Deep Learning for Image Segmentation of Tomato Plants
At Incubit we are always looking for new ways to apply AI and machine learning technology to interesting problems. A recent project has found us applying image segmentation to the problem of identifying parts of a tomato plant. Tomate pruning is a technique often used to increase the yield of tomato plants by removing small, non-tomato-blooming branches from the plant. Here we describe a method to determine the location of prunable tomato branches, as well as critical parts of the tomato plant which should not be touched, such as primary trunks, branches supporting tomatoes, and the tomatoes themselves.
In this project we apply techniques for Image Segmentation to locate objects of interest.
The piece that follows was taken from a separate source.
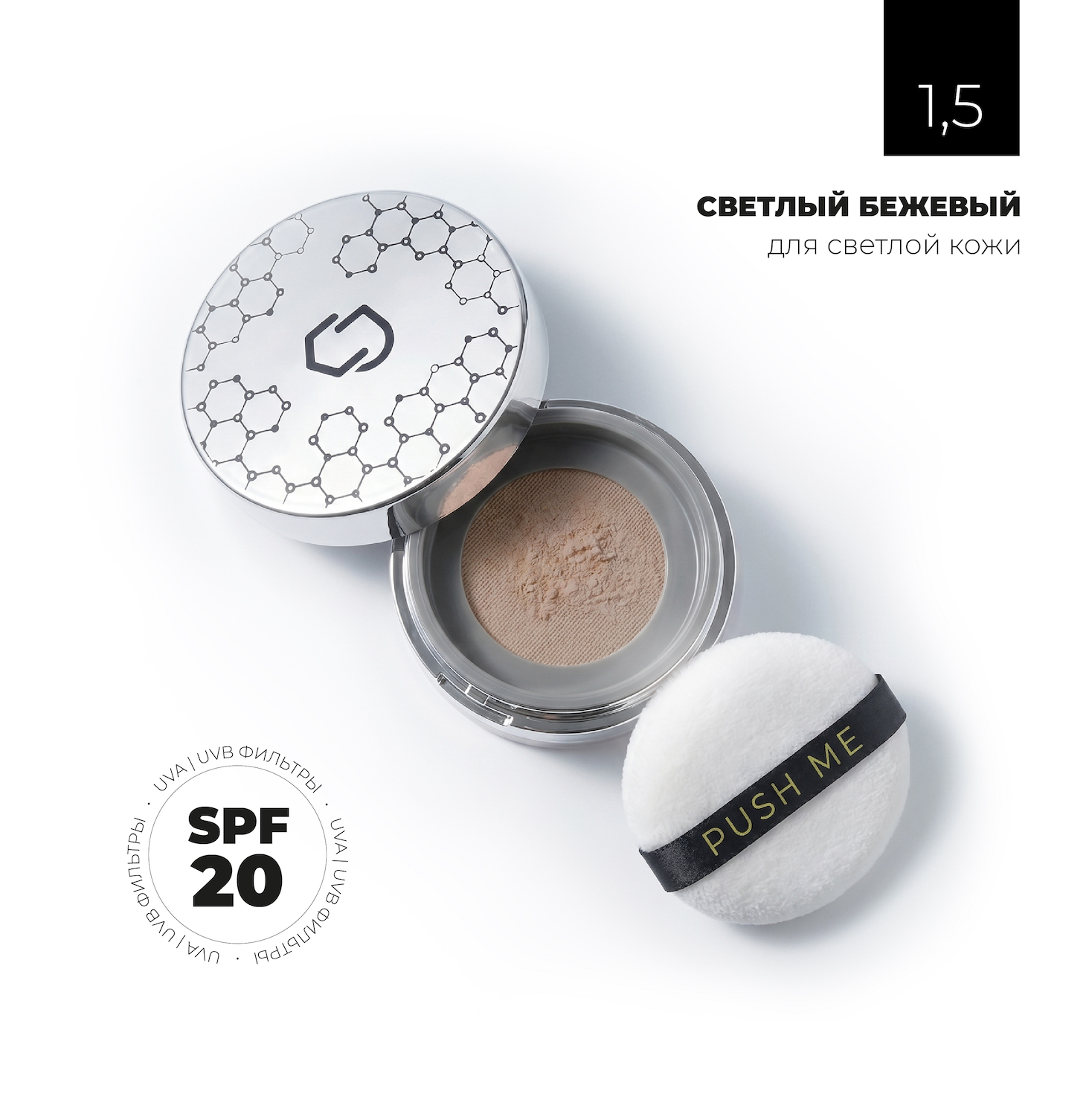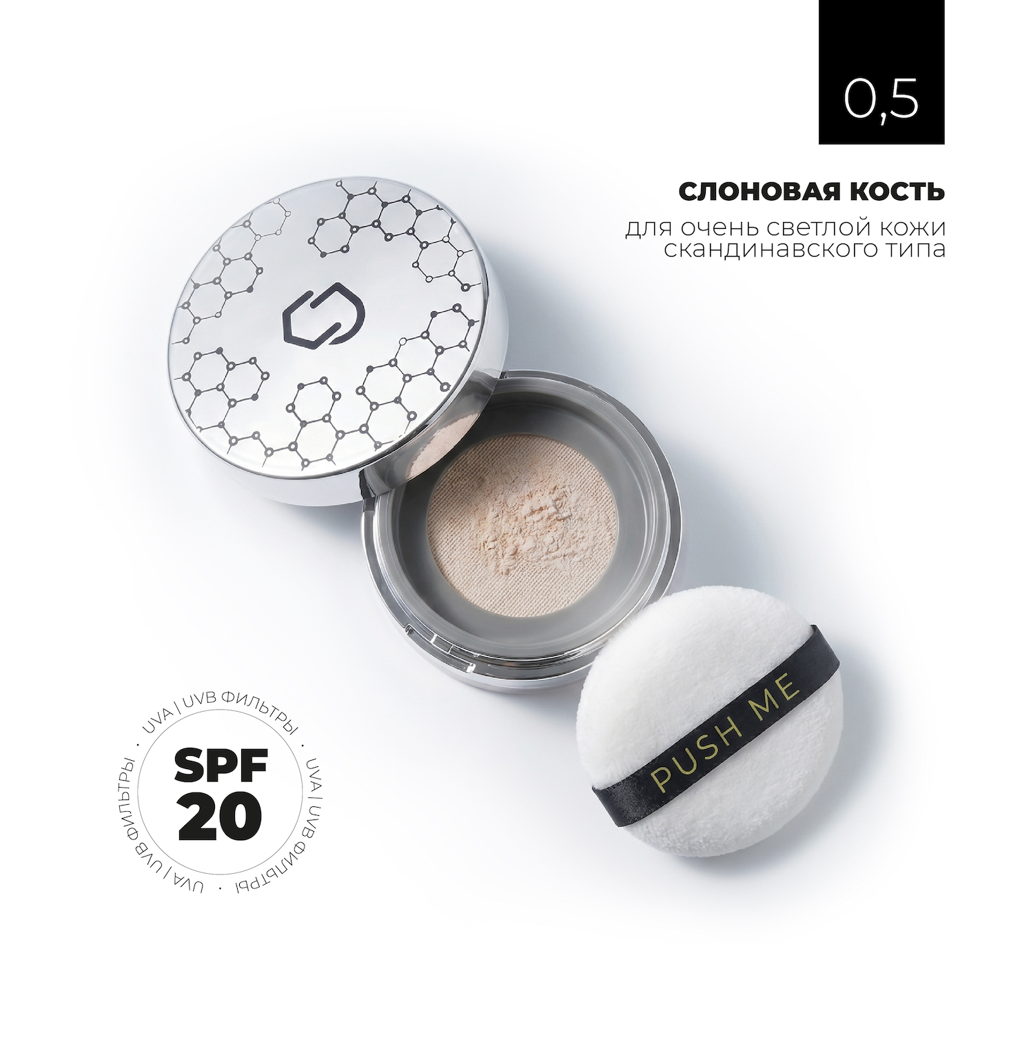 Рассыпчатая минеральная пудра для лица против жирности и высыпаний с ухаживающим действием для легкого идеального макияжа с эффектом фотошопа (благодаря строению светоотражающие частиц).

The goal of this analysis method is to locate different segments, or contiguous sets of pixels, within an image which denote some meaningful entity within the image. There are various ways to accomplish this using both computer vision and model-based approaches. We opted for the supervised model-based approach, with the hopes of obtaining both higher accuracy and greater generalization to new images.
The first step in developing an image model is obtaining labeled training data. For this task we used Incubit’s AI Platform (IAP) to create segmentation labels. Figure 2 shows an example of how we annotated an image to show segments of four classes of interest: main trunk, sucker branch, tomato branch, and tomato.
These annotations were stored as JSON files and used to create segmentation masks. Figure 3 shows an example of these masks, created from a crop of the above annotations, which was fed directly into the model as labels:
We based on model architecture on SegNet, a well-known deep neural network which excels in image segmentation applications. Figure 4 shows a simplified overview of the architecture used.
A high-level summary of the architecture is this: the original image is passed through a number of encoding blocks, each of which consists of several convolutional layers, batch normalization, and ReLU activation layers, followed by a pooling layer. The reduced features are then passed through a series of upsampling layers. Loss is computed from the cross entropy between the sigmoid output of the final convolutional layer and the segmentation targets (labels).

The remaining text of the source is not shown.